The bias term helps to keep the variance more numerically stable, thus allowing us to train deeper networks.

In [5]:
a = torch.randn(512,512)  # input image


for i in range(100): 
    w = torch.randn(512)
    b = torch.zeros(512)

    a = lin(a, w, b)
    print(a.mean(), a.std())
    if torch.isinf(a.std()) or torch.isnan(a.std()):
        print(f"Numerical instability at layer {i}")
        break

tensor(1.1425) tensor(22.2082)
tensor(7.0174) tensor(0.)
tensor(-67.3624) tensor(2.2911e-05)
tensor(110.9664) tensor(2.2911e-05)
tensor(1554.6863) tensor(0.)
tensor(-21929.1367) tensor(0.)
tensor(130204.3828) tensor(0.0235)
tensor(-811657.5625) tensor(0.0626)
tensor(21114270.) tensor(4.0039)
tensor(2.1871e+08) tensor(16.0156)
tensor(6.2728e+09) tensor(512.5007)
tensor(-1.4847e+11) tensor(0.)
tensor(1.2078e+11) tensor(0.)
tensor(1.7717e+12) tensor(524800.7500)
tensor(-2.8269e+13) tensor(8396812.)
tensor(-5.0848e+14) tensor(2.0152e+08)
tensor(-1.9954e+15) tensor(4.0305e+08)
tensor(1.2028e+16) tensor(0.)
tensor(3.7500e+17) tensor(0.)
tensor(2.9286e+18) tensor(2.7515e+11)
tensor(3.0962e+19) tensor(8.8047e+12)
tensor(4.1758e+20) tensor(3.5219e+13)
tensor(8.0624e+21) tensor(5.6350e+14)
tensor(-7.9024e+22) tensor(0.)
tensor(1.3301e+24) tensor(0.)
tensor(-3.1645e+24) tensor(8.6554e+17)
tensor(-7.6284e+25) tensor(2.7697e+19)
tensor(5.1303e+26) tensor(1.4772e+20)
tensor(-1.5459e+28) tensor(3.545

Note, however, how the mean and std of the feature maps generate by every layer are still very large. This network, despite being deeper, will not be able to learn much.

## Is good init sufficient to fix the issue?

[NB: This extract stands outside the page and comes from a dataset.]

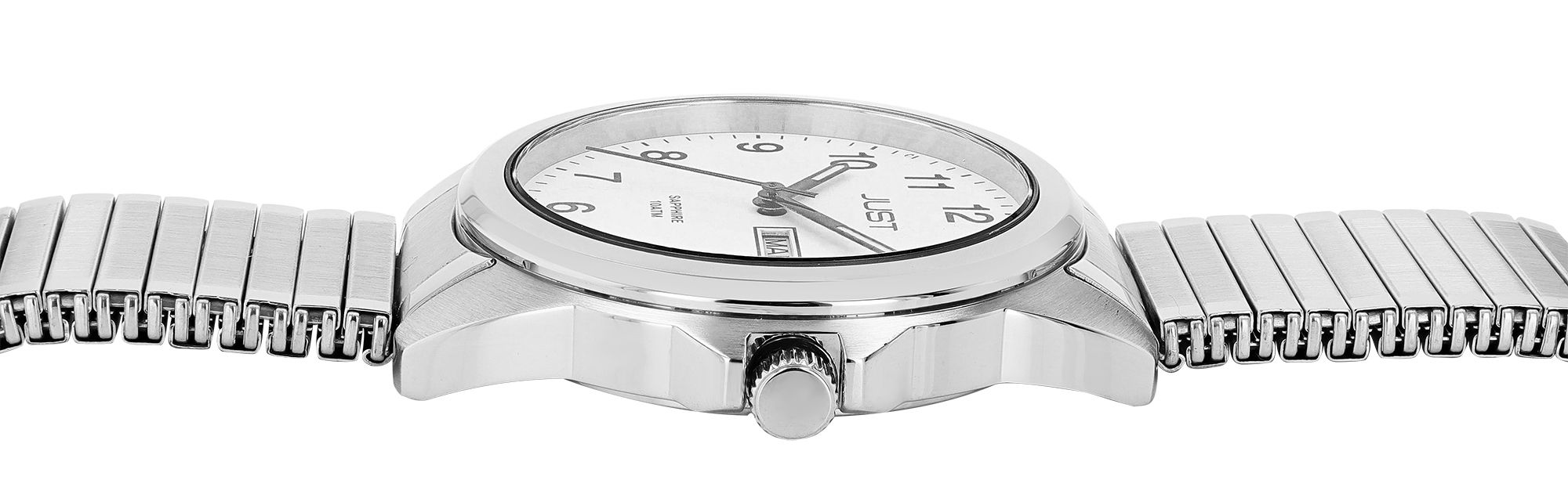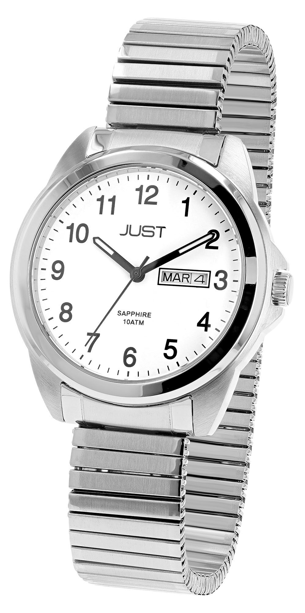 Productinformatie "JUST "Majivi" Herren Edelstahuhr mit Edelstahlzugband, 10 ATM, weißes ZB"
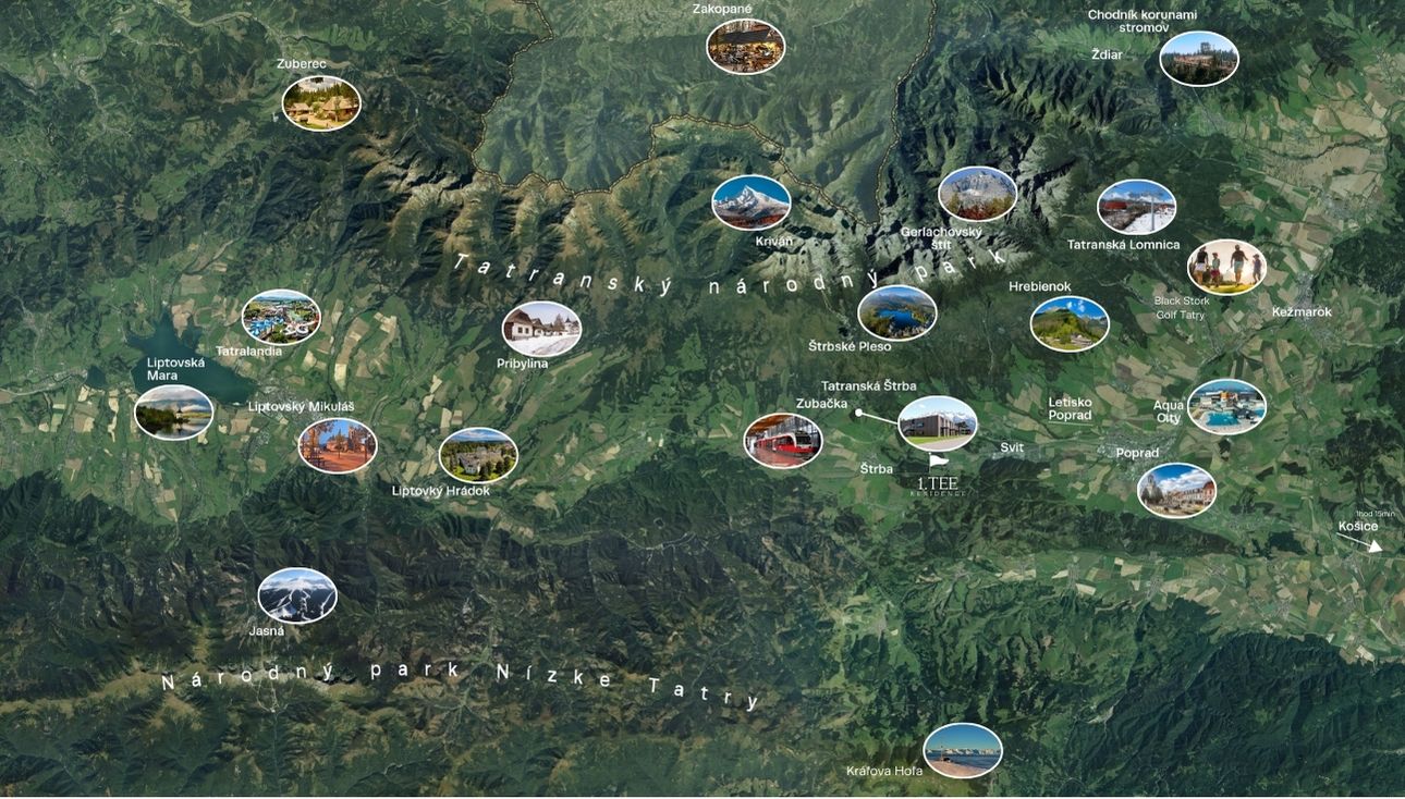 Všetky rýchliky stoja priamo v Tatranskej Štrbe, diaľnica D1 je na dosah dvoch minút a Popradské letisko obslúži spojenia do celej Európy. A keď sa vrátite z ciest, čaká na vás pokoj horskej obce, vôňa čerstvého jedla z prízemia a nekonečné možnosti športu či relaxu v okruhu tridsiatich minút. First Tee tak nie je len adresou – je to životný štýl, ktorý spája prírodu, šport a moderný mestský komfort v jednej nadčasovej stavbe.

Improving the init further helps delaying the activation explosion issues.

In [6]:
a = torch.randn(512,512)  # input image

for i in range(100): 
    # init params for every layer
    w = torch.randn(512) / math.sqrt(512)  # xavier init
    b = torch.zeros(512)

    a = lin(a, w, b)
    print(a.mean(), a.std())
    if torch.isinf(a.std()) or torch.isnan(a.std()):
        print(f"Numerical instability at layer {i}")
        break

tensor(0.0601) tensor(0.9640)
tensor(1.2635) tensor(0.)
tensor(-1.6608) tensor(2.3865e-07)
tensor(-1.7729) tensor(1.1933e-07)
tensor(4.8575) tensor(9.5461e-07)
tensor(1.2564) tensor(3.5798e-07)
tensor(-1.3141) tensor(1.1933e-07)
tensor(-0.8528) tensor(1.7899e-07)
tensor(-0.5903) tensor(1.7899e-07)
tensor(-0.3502) tensor(8.9494e-08)
tensor(0.1527) tensor(0.)
tensor(0.1190) tensor(2.2374e-08)
tensor(-0.0290) tensor(0.)
tensor(-0.0472) tensor(1.1187e-08)
tensor(-0.0199) tensor(1.8645e-09)
tensor(-0.0005) tensor(0.)
tensor(0.0005) tensor(8.7397e-11)
tensor(-0.0006) tensor(1.7479e-10)
tensor(0.0002) tensor(0.)
tensor(-0.0002) tensor(1.4566e-11)
tensor(0.0002) tensor(1.4566e-11)
tensor(0.0002) tensor(8.7397e-11)
tensor(0.0006) tensor(1.7479e-10)
tensor(5.2908e-05) tensor(0.)
tensor(-6.2868e-05) tensor(2.1849e-11)
tensor(2.4735e-05) tensor(1.8208e-12)
tensor(-6.6639e-06) tensor(1.8208e-12)
tensor(-6.3730e-06) tensor(4.5519e-13)
tensor(-9.1494e-06) tensor(0.)
tensor(-4.9633e-06) tensor(4.5519e

Let's do an ablation study and try Xavier init without using the bias term.

In [7]:
a = torch.randn(512,512)  # input image

for i in range(100): 
    w = torch.randn(512) / math.sqrt(512)  # xavier init

    a = lin(a, w)
    print(a.mean(), a.std())
    if torch.isinf(a.std()) or torch.isnan(a.std()):
        print(f"Numerical instability at layer {i}")
        break

tensor(0.0239) tensor(0.9825)
tensor(-1.1993) tensor(nan)
Numerical instability at layer 1


Removing the bias term shows that just a good init is not enough. The purpose of the bias term is to improve numerical stability in the forward pass. Without a bias term, it is harder to train deep architectures.